山の三角点ってそもそも何? 標高とは別物「明治から生き続けている」

京都新聞社 京都新聞社
地蔵山の山頂に埋設されている一等三角点の標石(手前)=京都市右京区
地蔵山の山頂に埋設されている一等三角点の標石(手前)=京都市右京区

 京都新聞の連載で「地蔵山」(京都市右京区)を「京都府内一高い一等三角点」と紹介したところ、「一番高い山ではないのでは」「一等と二等の違いは何か」といった質問が読者から寄せられた。三角点は標高ではなく、地図作成のために位置を示す基準で、明治時代に選定されたものが今も利用されている。

 地蔵山は、愛宕参りで有名な京都市右京区の愛宕山の北方にあり、標高は947メートル。宇治市の男性(80)は「地蔵山は府内で一番高い山ではないのか。一等三角点とは」と疑問を手紙で寄せた。

 府内で一番高い山は、京都市左京区北部にある標高971メートルの皆子山だ。地蔵山は「一等三角点がある山」としては府内で一番高い。つまり、標高と一等三角点は別だ。

 「三角点は高さではなく位置(経緯度)を示すもの。一等三角点は地図作成のために明治時代に設置されたものです」。三角点の研究をし、現地踏査を重ねている「一等三角点研究会」の大槻雅弘会長(78)=京都市西京区=が教えてくれた。

 三角点は国が地形図を作成する際に選び、経度や緯度の基準になる。現地には花こう岩でできた標石が埋められている。最初に設置されたのが一等三角点で、他の2点と結んで三角測量を行った。三角の一辺は約45キロ。なお、二等は8~10キロ、三等は3~4キロ、四等は1・5~2キロとなっている。
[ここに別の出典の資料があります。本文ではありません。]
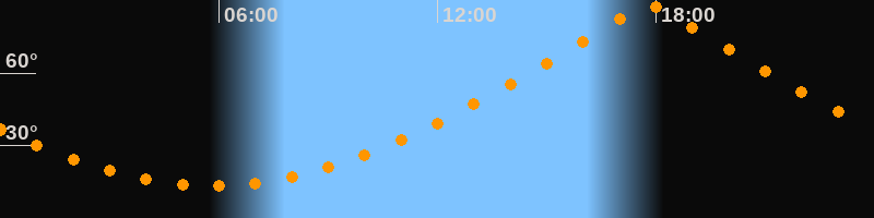 | Höchster Stand (Kulmination) | 17:48 Uhr (h = 87,9°) |

 三角点には「点名」がある。設置された年月日や所在地、経過をまとめた記録を「点の記」という。例えば、地蔵山の一等三角点は1886(明治19)年8月8日、陸軍六等技手によって埋標されたと書かれている。

 点名は山名と一致するとは限らない。大津市のびわ湖バレイに隣接した蓬莱(ほうらい)山(標高1173メートル)にある一等三角点は「比良ケ岳」となっている。

 三角点は見晴らしの良い場所に設置されるが、必ずしも山頂にある訳ではない。登山道のない場所や無人島に置かれたものもある。
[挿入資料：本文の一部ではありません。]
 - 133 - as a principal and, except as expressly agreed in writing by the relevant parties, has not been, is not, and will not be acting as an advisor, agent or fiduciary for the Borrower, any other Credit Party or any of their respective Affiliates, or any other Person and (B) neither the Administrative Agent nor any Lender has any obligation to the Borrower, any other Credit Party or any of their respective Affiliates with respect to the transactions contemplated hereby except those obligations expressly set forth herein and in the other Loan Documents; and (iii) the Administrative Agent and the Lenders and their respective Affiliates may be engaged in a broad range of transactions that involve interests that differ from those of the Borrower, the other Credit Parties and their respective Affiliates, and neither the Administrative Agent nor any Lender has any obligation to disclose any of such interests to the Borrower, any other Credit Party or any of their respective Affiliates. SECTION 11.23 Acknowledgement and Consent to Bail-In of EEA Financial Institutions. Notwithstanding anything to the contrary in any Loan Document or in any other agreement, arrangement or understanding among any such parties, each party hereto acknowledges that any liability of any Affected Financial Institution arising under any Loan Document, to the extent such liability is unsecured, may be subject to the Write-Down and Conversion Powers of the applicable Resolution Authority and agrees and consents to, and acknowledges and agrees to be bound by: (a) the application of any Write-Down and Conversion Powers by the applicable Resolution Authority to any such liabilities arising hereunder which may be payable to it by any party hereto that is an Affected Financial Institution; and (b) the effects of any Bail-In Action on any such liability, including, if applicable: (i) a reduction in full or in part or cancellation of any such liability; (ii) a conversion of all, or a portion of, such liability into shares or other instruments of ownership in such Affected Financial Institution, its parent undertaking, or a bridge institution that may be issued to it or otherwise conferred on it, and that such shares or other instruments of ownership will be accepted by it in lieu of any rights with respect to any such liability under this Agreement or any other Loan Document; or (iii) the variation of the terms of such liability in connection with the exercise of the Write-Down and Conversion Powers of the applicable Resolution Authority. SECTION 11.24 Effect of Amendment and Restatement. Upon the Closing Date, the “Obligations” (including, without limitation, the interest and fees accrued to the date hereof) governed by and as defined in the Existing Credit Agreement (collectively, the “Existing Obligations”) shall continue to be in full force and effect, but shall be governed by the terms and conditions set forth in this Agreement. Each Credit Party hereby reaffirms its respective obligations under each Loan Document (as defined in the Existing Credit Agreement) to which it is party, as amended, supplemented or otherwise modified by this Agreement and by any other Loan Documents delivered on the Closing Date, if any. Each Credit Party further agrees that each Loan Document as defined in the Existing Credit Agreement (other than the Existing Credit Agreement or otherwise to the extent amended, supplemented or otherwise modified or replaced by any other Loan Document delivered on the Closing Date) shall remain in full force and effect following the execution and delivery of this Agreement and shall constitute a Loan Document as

 一等三角点研究会は7年前、「一等三角点全国ガイド」をまとめた。その時点では未踏で収録できなかった2点のうち一つが鹿児島県の無人島・臥蛇島(がじゃじま)。大槻さんは2年前、船をチャーターして上陸し、地形図を頼りに斜面のやぶをかき分け、標石を見つけた。

 「一等三角点がなければ地形図はできなかった。明治時代に選定された場所が今なお生き続けている。どんな所にあるのか訪ね歩くのも登山の魅力です」と話す。

<メモ>

 一等三角点は全国に974カ所ある。京都府内には七つで、標高が高い順に(1)地蔵山(947メートル)、(2)長老ケ岳(916メートル)、(3)太鼓山(683メートル)、(4)鷲峰山(681メートル)、(5)磯砂山(660メートル)、(6)多弥寺山(556メートル)、(7)烏ケ岳(536メートル)。日本で一番標高が高い一等三角点は、南アルプスの赤石岳(標高3120メートル)にある。